Records excerpted from a collection>
________
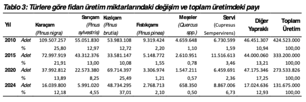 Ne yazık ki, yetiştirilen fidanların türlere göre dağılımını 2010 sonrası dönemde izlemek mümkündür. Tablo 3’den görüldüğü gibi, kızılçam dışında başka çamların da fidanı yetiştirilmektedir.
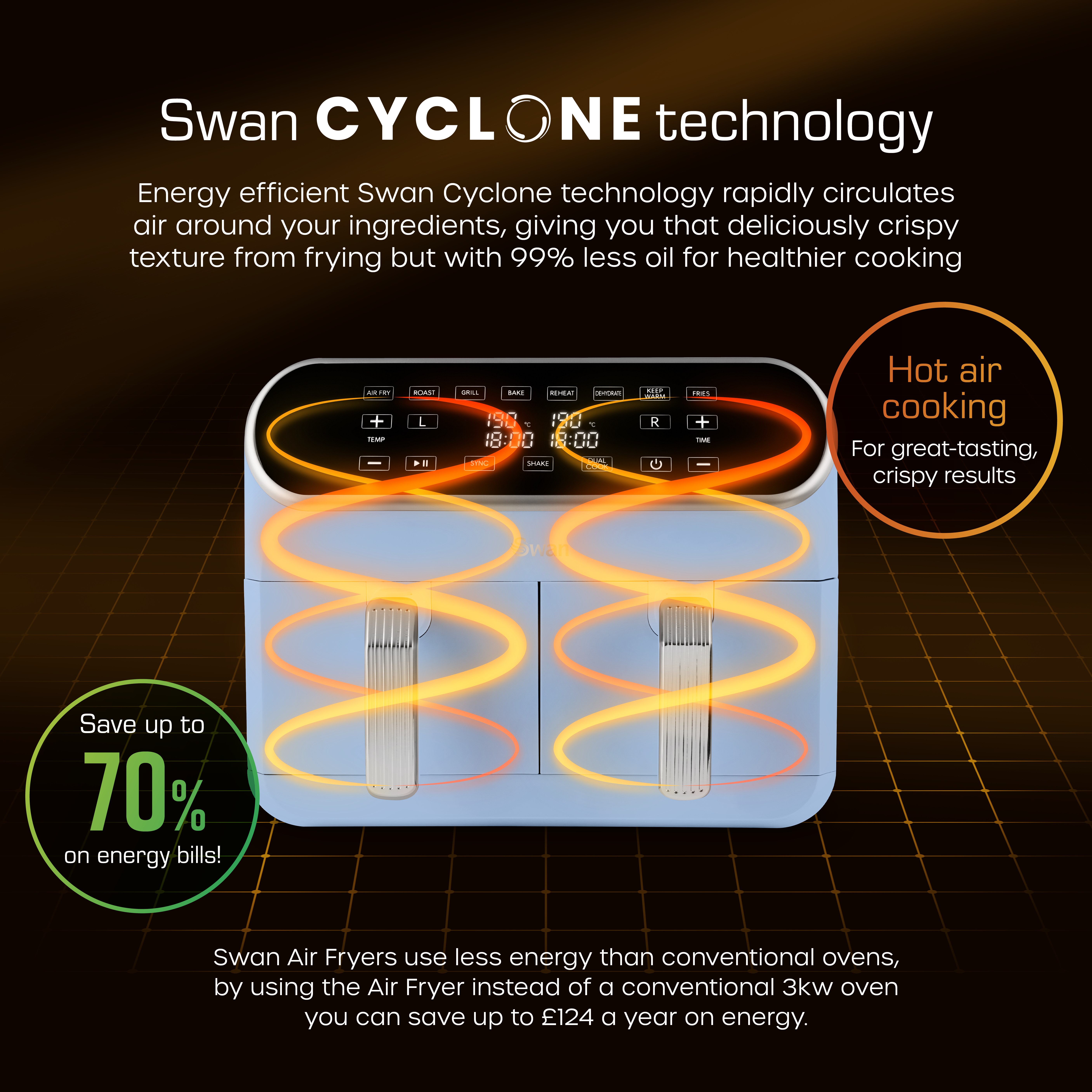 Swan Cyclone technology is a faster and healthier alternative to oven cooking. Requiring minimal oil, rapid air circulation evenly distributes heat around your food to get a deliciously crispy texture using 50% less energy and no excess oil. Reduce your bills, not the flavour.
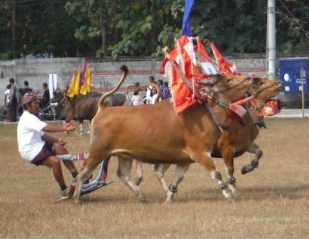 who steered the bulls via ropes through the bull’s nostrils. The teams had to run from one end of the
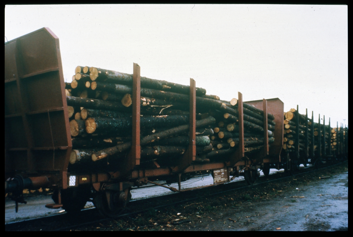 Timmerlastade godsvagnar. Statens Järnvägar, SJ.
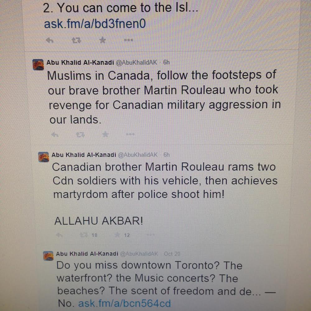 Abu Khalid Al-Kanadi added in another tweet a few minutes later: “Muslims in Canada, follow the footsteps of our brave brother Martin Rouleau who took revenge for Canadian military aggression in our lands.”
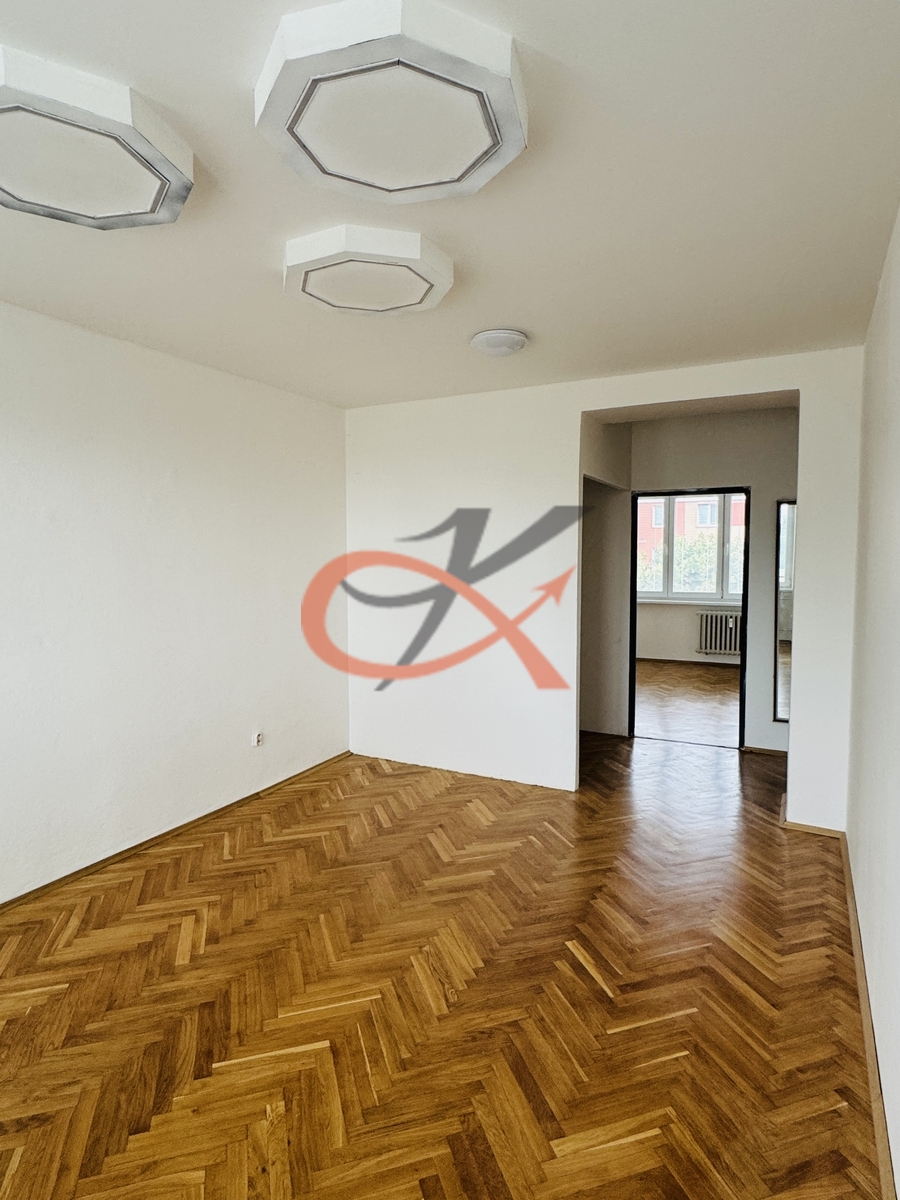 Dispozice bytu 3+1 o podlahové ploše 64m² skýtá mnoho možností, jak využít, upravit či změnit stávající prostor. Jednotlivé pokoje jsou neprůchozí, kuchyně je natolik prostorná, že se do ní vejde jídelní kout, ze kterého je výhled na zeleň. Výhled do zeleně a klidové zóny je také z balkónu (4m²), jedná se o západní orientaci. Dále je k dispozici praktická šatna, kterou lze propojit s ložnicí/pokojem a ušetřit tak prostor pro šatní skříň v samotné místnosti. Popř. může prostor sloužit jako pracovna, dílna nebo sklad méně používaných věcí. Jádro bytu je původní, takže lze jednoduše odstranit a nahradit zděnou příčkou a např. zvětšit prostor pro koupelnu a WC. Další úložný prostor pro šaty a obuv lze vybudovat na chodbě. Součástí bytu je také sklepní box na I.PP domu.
________
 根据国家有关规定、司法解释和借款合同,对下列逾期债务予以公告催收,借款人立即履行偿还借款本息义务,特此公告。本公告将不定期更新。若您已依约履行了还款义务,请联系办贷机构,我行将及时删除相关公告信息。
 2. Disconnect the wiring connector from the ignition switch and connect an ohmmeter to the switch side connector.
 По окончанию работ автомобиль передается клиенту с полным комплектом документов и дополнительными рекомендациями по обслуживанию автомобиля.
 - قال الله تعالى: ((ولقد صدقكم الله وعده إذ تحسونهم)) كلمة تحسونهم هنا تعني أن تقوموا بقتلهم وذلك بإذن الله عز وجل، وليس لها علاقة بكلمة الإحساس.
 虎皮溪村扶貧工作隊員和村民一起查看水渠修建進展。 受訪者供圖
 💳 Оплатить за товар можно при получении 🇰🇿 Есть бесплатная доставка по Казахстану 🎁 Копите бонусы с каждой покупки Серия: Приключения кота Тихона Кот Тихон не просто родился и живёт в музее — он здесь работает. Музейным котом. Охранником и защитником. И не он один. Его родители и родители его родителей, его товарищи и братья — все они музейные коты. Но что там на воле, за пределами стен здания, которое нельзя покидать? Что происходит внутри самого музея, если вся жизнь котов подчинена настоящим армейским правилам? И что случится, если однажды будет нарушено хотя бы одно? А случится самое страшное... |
________
Problem details> Repeat the entries above verbatim, but only from the line that has "根据国家有关规定、司法解释和" down to the line that has "虎皮溪村扶貧工作隊員和村民一起查看水渠修建進展。 受訪者供圖", inclusive.

Result of this exercise>
 根据国家有关规定、司法解释和借款合同,对下列逾期债务予以公告催收,借款人立即履行偿还借款本息义务,特此公告。本公告将不定期更新。若您已依约履行了还款义务,请联系办贷机构,我行将及时删除相关公告信息。
 2. Disconnect the wiring connector from the ignition switch and connect an ohmmeter to the switch side connector.
 По окончанию работ автомобиль передается клиенту с полным комплектом документов и дополнительными рекомендациями по обслуживанию автомобиля.
 - قال الله تعالى: ((ولقد صدقكم الله وعده إذ تحسونهم)) كلمة تحسونهم هنا تعني أن تقوموا بقتلهم وذلك بإذن الله عز وجل، وليس لها علاقة بكلمة الإحساس.
 虎皮溪村扶貧工作隊員和村民一起查看水渠修建進展。 受訪者供圖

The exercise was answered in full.